Two lines mark the range in the entries below: the one holding "Отдельные попытки терапевтического" and the one holding "Хорошо сохранившийся позвонок, частично". Set down those two and all lines between them, exactly.

▸ DATA TO EXAMINE
Content starts
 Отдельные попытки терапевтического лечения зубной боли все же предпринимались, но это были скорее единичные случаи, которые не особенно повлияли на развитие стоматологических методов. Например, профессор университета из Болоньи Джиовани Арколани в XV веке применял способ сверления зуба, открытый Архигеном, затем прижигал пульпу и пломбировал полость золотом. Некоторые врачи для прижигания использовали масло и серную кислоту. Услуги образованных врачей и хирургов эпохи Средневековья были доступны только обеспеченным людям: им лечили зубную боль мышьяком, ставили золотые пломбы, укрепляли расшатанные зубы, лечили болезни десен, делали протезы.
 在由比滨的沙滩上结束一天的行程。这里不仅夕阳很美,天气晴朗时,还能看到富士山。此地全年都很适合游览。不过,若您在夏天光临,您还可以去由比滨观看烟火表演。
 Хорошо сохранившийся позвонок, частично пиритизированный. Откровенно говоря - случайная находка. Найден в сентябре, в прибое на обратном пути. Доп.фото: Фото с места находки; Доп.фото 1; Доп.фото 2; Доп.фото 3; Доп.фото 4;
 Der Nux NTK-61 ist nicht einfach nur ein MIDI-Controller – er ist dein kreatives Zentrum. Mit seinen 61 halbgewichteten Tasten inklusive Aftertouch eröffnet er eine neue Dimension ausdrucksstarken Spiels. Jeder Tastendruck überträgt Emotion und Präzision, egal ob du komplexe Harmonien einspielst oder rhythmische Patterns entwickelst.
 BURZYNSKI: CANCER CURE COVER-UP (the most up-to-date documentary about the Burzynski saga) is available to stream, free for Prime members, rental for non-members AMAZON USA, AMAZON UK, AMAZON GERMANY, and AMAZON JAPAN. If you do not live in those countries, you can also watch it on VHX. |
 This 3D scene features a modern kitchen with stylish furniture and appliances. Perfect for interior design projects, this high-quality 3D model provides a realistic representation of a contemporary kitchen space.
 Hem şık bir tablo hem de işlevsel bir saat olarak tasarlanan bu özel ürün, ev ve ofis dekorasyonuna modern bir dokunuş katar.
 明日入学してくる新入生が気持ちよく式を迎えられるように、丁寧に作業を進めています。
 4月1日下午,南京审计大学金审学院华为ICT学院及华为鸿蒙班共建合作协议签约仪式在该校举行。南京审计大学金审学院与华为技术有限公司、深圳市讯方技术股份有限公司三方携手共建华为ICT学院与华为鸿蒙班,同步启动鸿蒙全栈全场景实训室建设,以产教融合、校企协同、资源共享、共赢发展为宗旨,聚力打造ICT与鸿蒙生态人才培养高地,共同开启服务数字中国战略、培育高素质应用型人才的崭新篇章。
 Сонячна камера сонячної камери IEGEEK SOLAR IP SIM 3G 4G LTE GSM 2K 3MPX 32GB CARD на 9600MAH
Content ends
Content starts
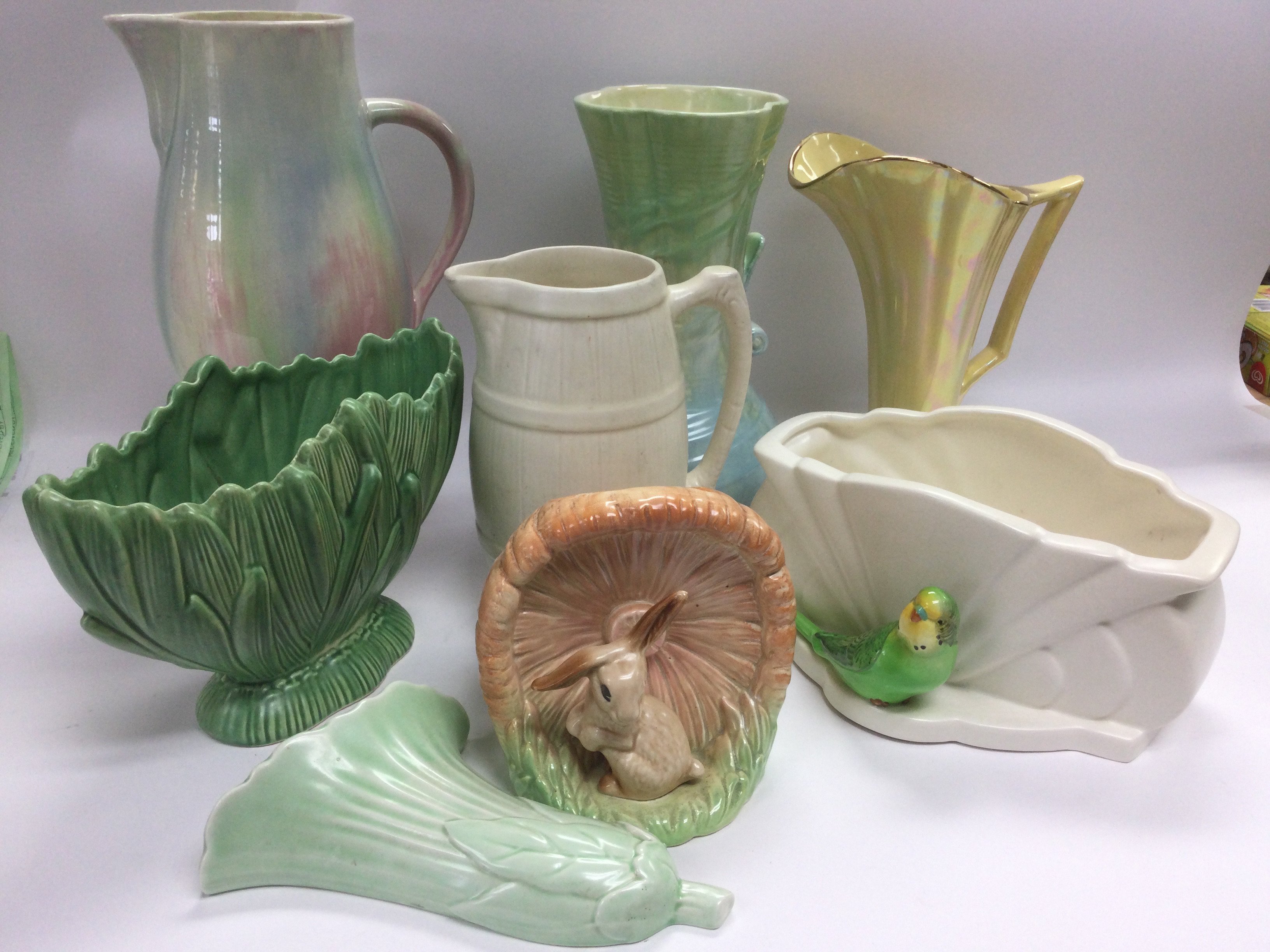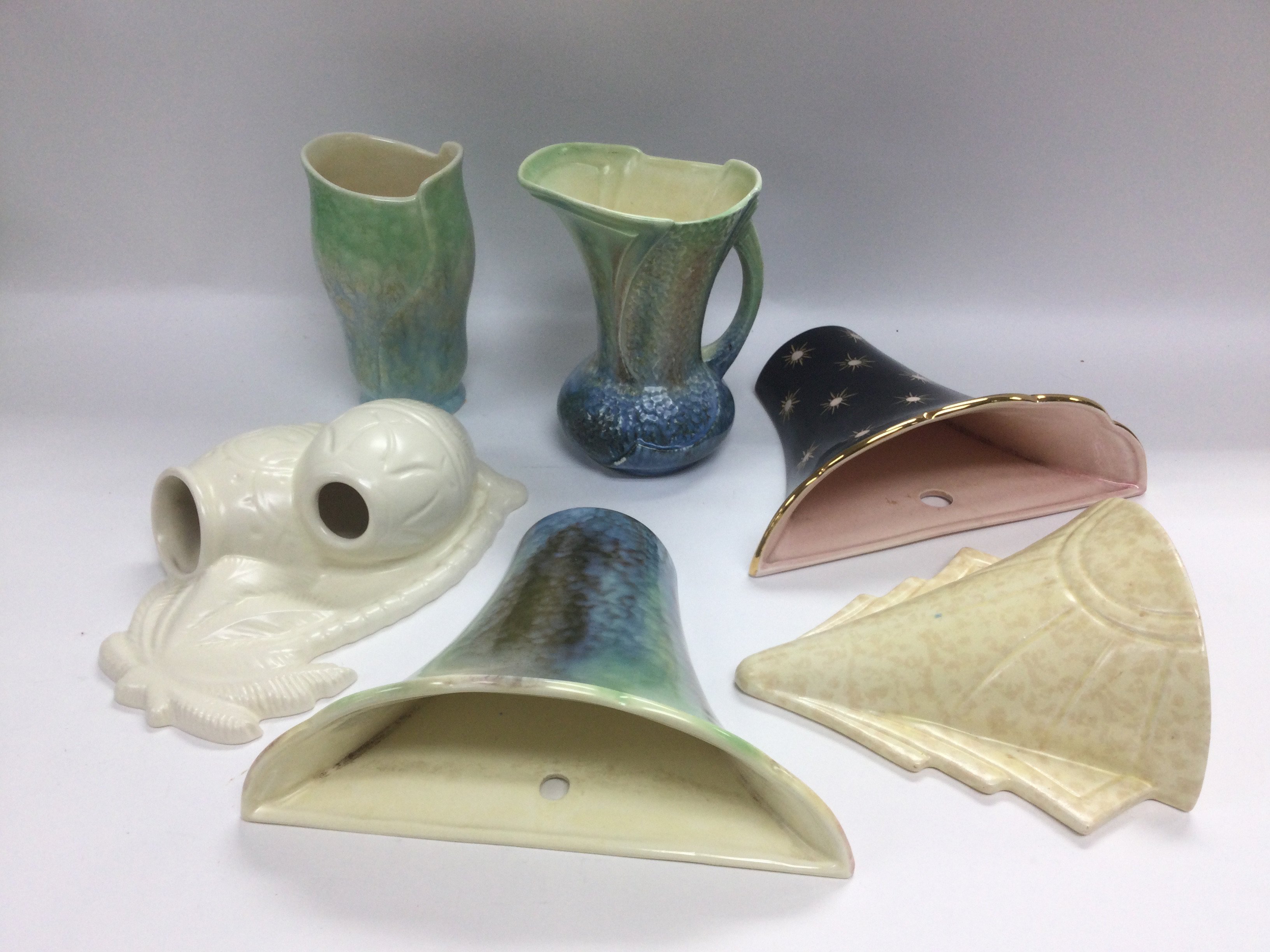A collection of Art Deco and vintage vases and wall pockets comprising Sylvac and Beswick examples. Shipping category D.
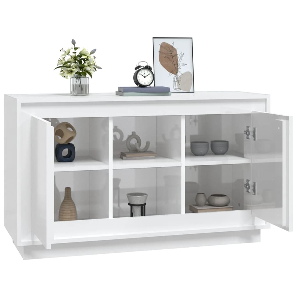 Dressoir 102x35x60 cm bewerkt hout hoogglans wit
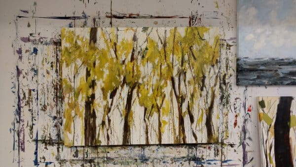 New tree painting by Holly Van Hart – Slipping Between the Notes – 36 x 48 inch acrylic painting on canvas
Content ends
▸ RESULT OF THE EXERCISE
 Отдельные попытки терапевтического лечения зубной боли все же предпринимались, но это были скорее единичные случаи, которые не особенно повлияли на развитие стоматологических методов. Например, профессор университета из Болоньи Джиовани Арколани в XV веке применял способ сверления зуба, открытый Архигеном, затем прижигал пульпу и пломбировал полость золотом. Некоторые врачи для прижигания использовали масло и серную кислоту. Услуги образованных врачей и хирургов эпохи Средневековья были доступны только обеспеченным людям: им лечили зубную боль мышьяком, ставили золотые пломбы, укрепляли расшатанные зубы, лечили болезни десен, делали протезы.
 在由比滨的沙滩上结束一天的行程。这里不仅夕阳很美,天气晴朗时,还能看到富士山。此地全年都很适合游览。不过,若您在夏天光临,您还可以去由比滨观看烟火表演。
 Хорошо сохранившийся позвонок, частично пиритизированный. Откровенно говоря - случайная находка. Найден в сентябре, в прибое на обратном пути. Доп.фото: Фото с места находки; Доп.фото 1; Доп.фото 2; Доп.фото 3; Доп.фото 4;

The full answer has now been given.